> [EXERCISE DESCRIPTION]
The whole listing that follows, pictures excepted, should be printed again exactly as given.
○ ○ ○ ○
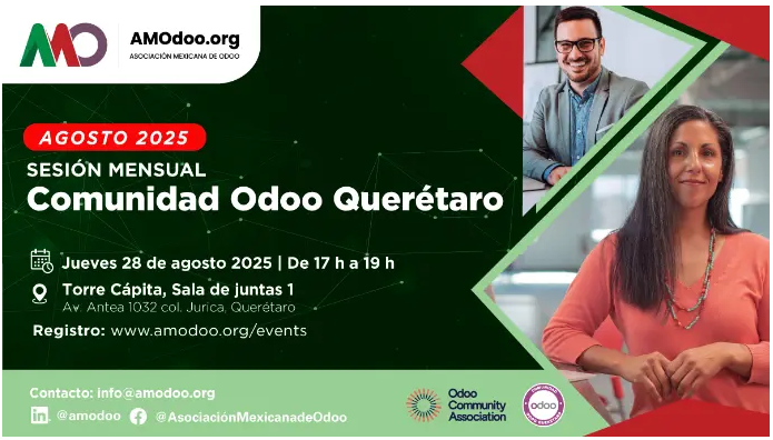 Registro: https://amodoo.org/event/meetup-odoo-queretaro-agosto-2025-16/register
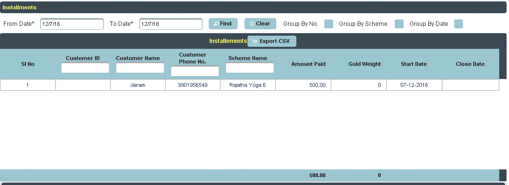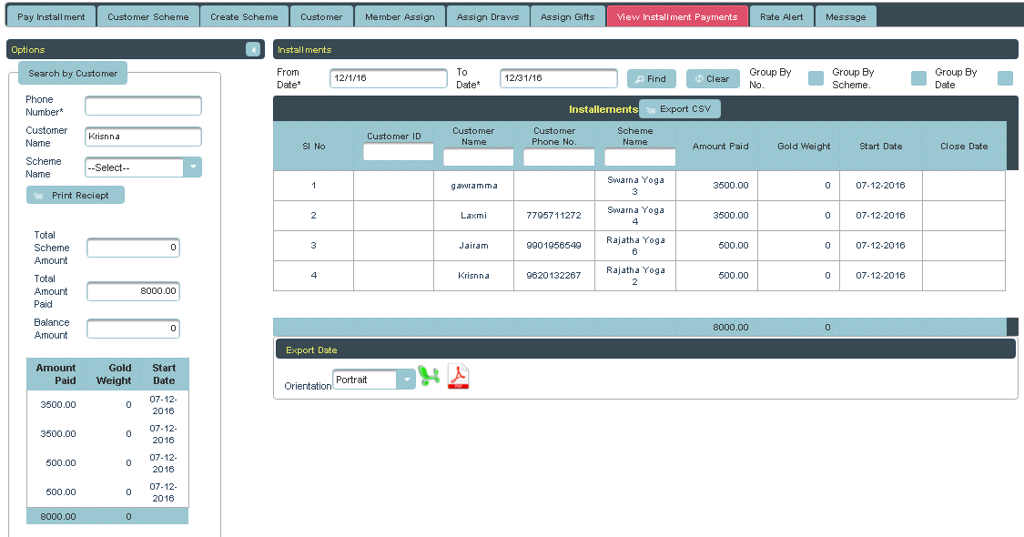 In home page, Select Schemes. Eighth menu is View Installment Payment.
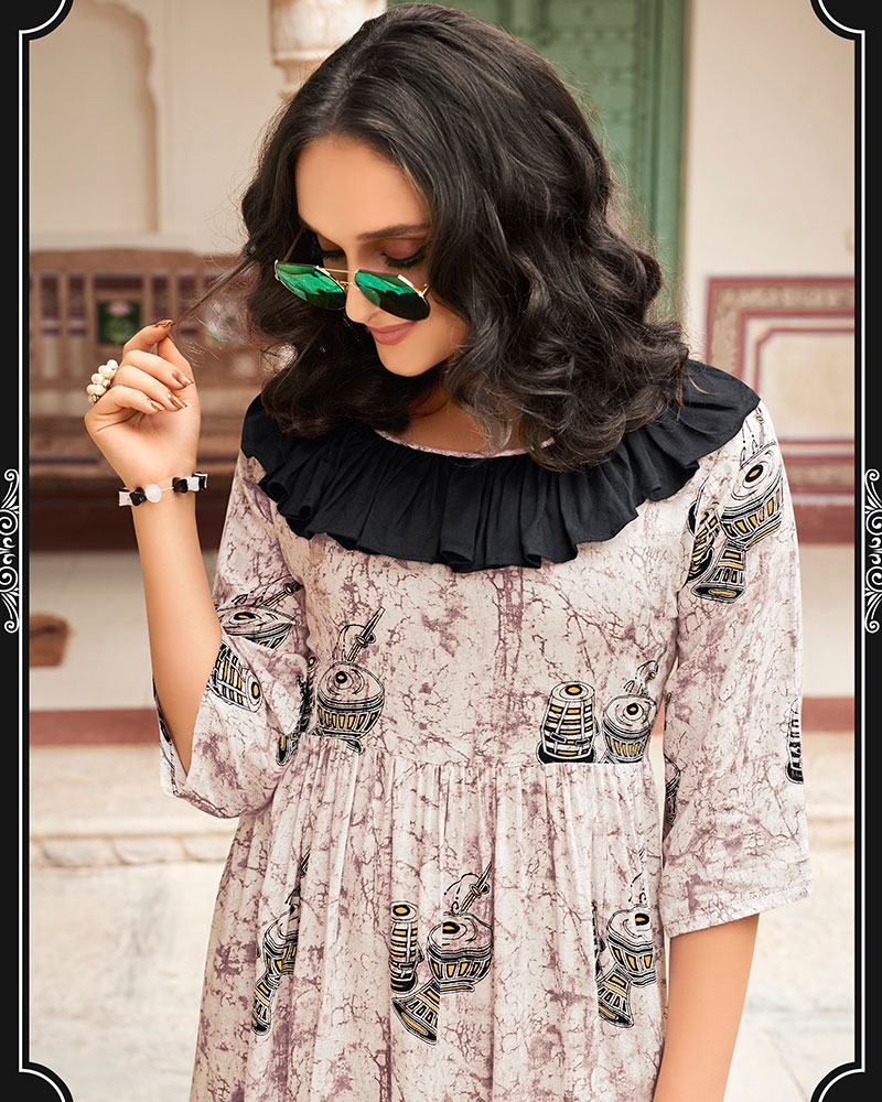 Get Going With This Majestic And Wonderful Piece And Make Your Dream Attire Look Richer To Your Persona. Look Sensationally Awesome In This Attractive Beige Heavy Rayon Party Kurti With Printed Work. (Slight variety in shading, texture and work is conceivable. Model images are only representative.)
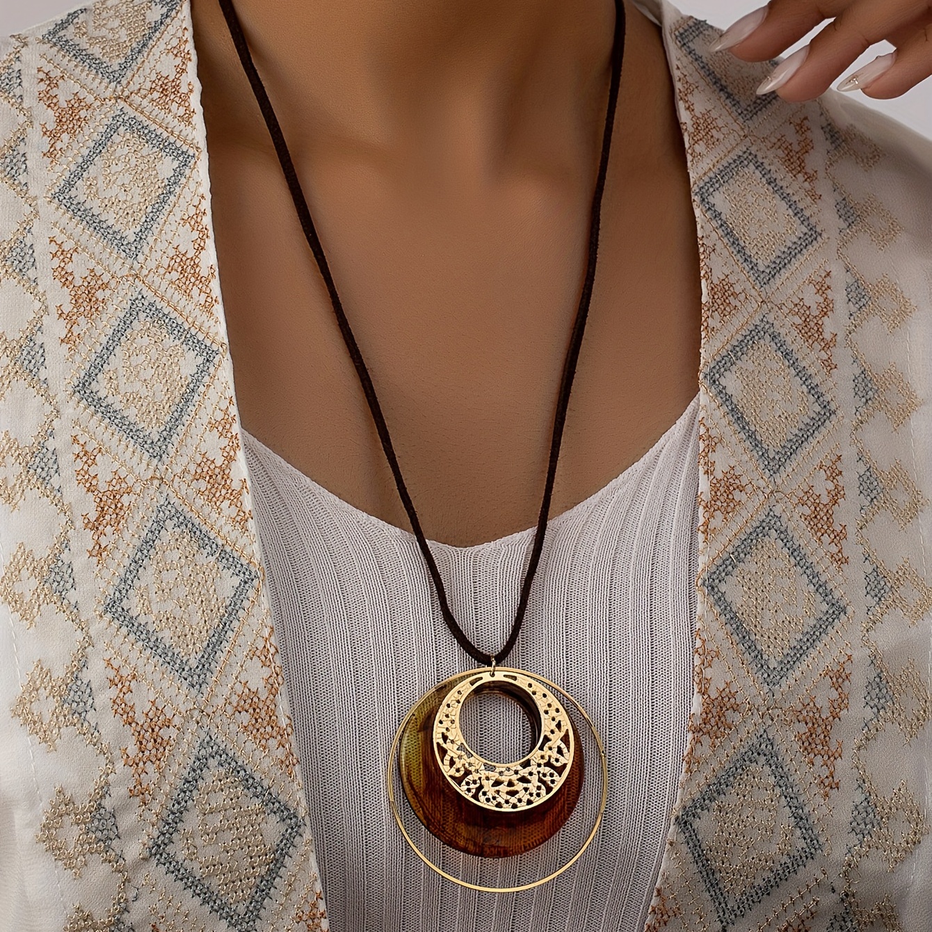 Vintage Round Pendant Adjustable Length Necklace
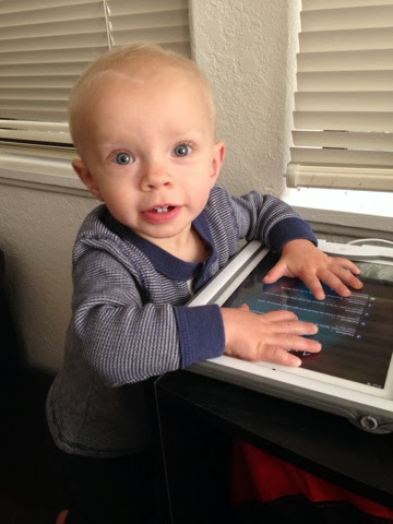 Jaxon gets a kick out of putting his toys on his head. He will even look at me to see what my reaction is and wants me to clap.
○ ○ ○ ○
> [EXERCISE RESPONSE]
 Registro: https://amodoo.org/event/meetup-odoo-queretaro-agosto-2025-16/register
 In home page, Select Schemes. Eighth menu is View Installment Payment.
 Get Going With This Majestic And Wonderful Piece And Make Your Dream Attire Look Richer To Your Persona. Look Sensationally Awesome In This Attractive Beige Heavy Rayon Party Kurti With Printed Work. (Slight variety in shading, texture and work is conceivable. Model images are only representative.)
 Vintage Round Pendant Adjustable Length Necklace
 Jaxon gets a kick out of putting his toys on his head. He will even look at me to see what my reaction is and wants me to clap.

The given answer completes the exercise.